Pour le moment, les enquêteurs du SPVM n’explorent pas la piste d’un acte criminel, mais ils pourraient se raviser. « L’enquête disciplinaire n’empêche jamais d’avoir par la suite une enquête criminelle », précise M. Parent.


La direction du SPVM est très préoccupée par les failles potentielles de son système de détection des comportements inappropriés. Les faits et gestes de Mme Trudeau auraient dû alerter ses collègues et ses superviseurs. La désinvolture et la familiarité avec lesquelles elle s’adresse à eux donnent une impression de laxisme dans l’encadrement.


C’est pourquoi une enquête administrative sera menée en parallèle avec l’enquête disciplinaire. « Il y a des changements qui vont être opérés. Il n’y a aucun superviseur qui peut tolérer ce genre de comportement », a prévenu Marc Parent.


Stéfanie Trudeau n’en est pas à ses premières frasques. Lors des protestations étudiantes du printemps, elle avait généreusement poivré des manifestants qui ne posaient aucune menace. La vidéo la montrant a été vue plus de 500 000 fois sur YouTube, valant à Mme Trudeau d’être connue sous le surnom de « Matricule 728 ». Depuis ces événements, elle faisait l’objet d’un encadrement plus serré et n’était plus affectée lors de situations conflictuelles ou dans les rassemblements publics.


Stéfanie Trudeau a aussi des antécédents en déontologie. En 2001, elle a été suspendue pendant six jours, sans salaire, sur décision du Comité de déontologie policière. Les faits remontaient à 1996. On lui reprochait « une attitude agressive et obtuse » envers le personnel de l’hôpital Sainte-Justine qui lui avait refusé l’accès au dossier médical d’un accusé.

 

Objectif atteint


En entrevue à Radio-Canada, Rudy Orchietti et Serge Lavoie, les deux hommes qui ont fait l’objet de l’arrestation brutale du 2 octobre, ont accepté les excuses du chef de police et affirmé que l’objectif, qui était de retirer la policière de la patrouille, avait été atteint. Mais ils ont soutenu ne pas vouloir « taper sur le clou », rappelant que « le SPVM doit faire une introspection ».

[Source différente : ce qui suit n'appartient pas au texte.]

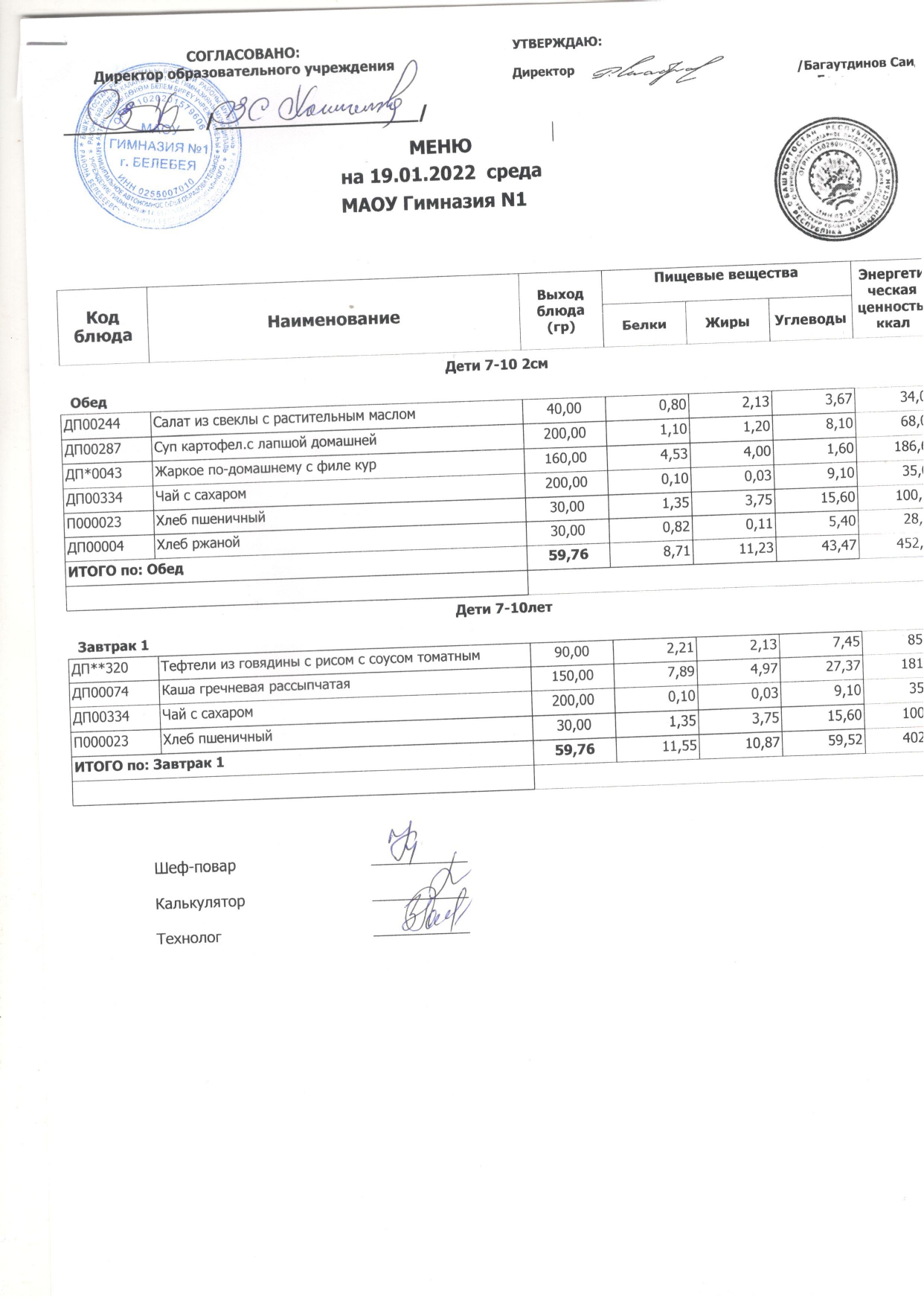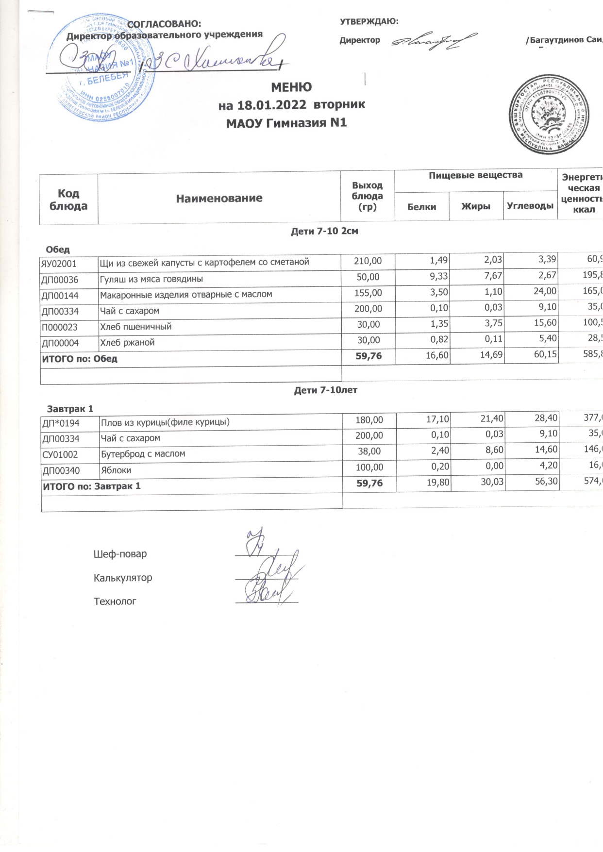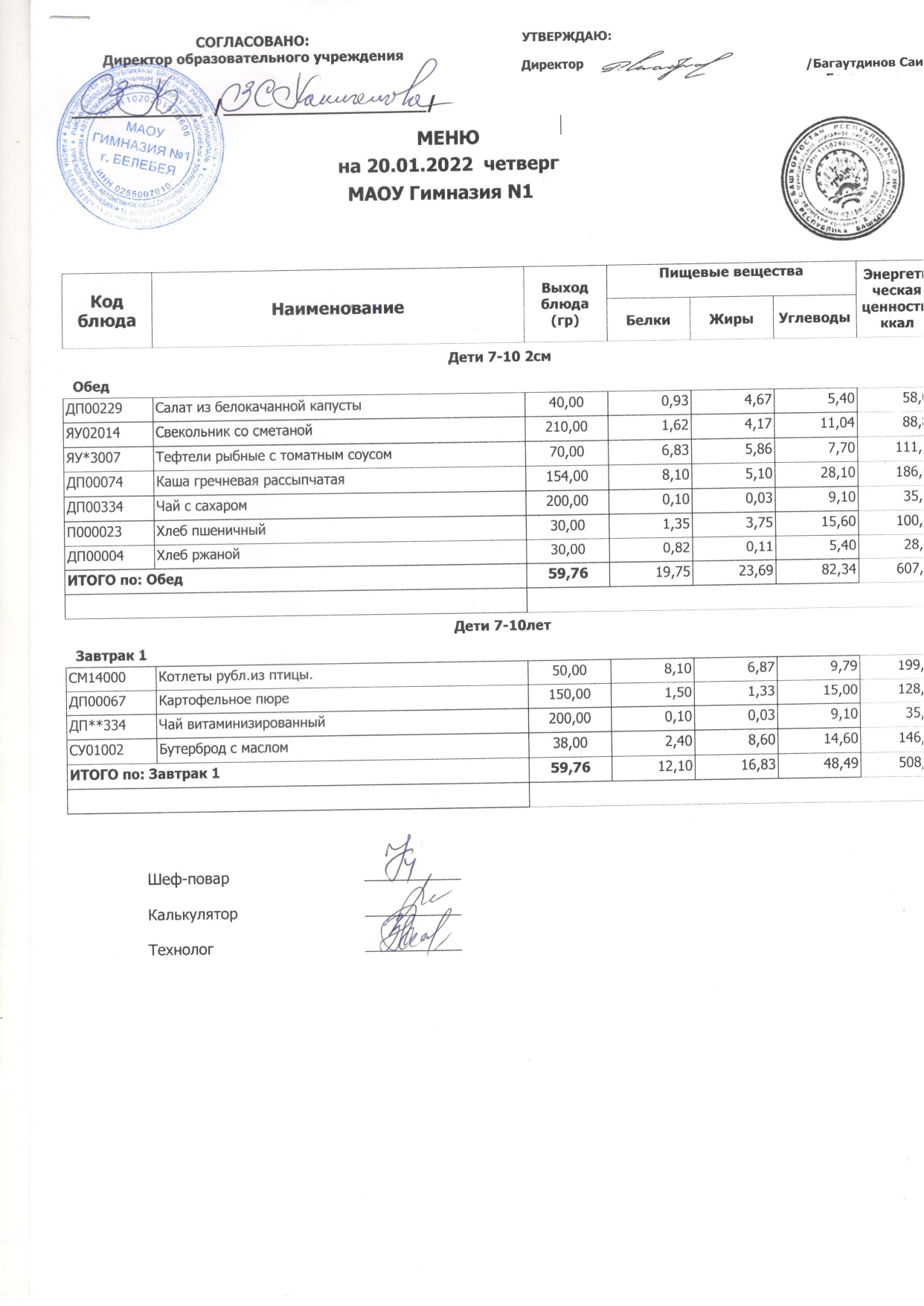 В данном разделе ежедневно размещается меню в виде скан-документа, а также фотографии блюд.

La nouvelle a fait couler beaucoup d’encre sur les réseaux sociaux depuis sa première diffusion mercredi soir. Rapidement, une manifestation a été annoncée ce vendredi pour revendiquer le « renvoi définitif de Stéfanie Trudeau ». Une pétition, qui compte plus de 2200 signatures, est également en ligne pour réclamer, de façon plus large, une commission d’enquête publique sur la violence policière pendant la crise étudiante.


En matinée jeudi, l’adresse de la policière, qui a été la cible d’innombrables injures sur les réseaux sociaux, a été publiée sur Facebook. Selon le blogueur Dominic Arpin, un professeur d’éthique aurait divulgué l’adresse, invitant les internautes à aller manifester chez elle et à lui envoyer des enveloppes de poivre. La publication a été retirée, mais le SPVM a dû prendre les moyens nécessaires pour assurer la sécurité de la policière.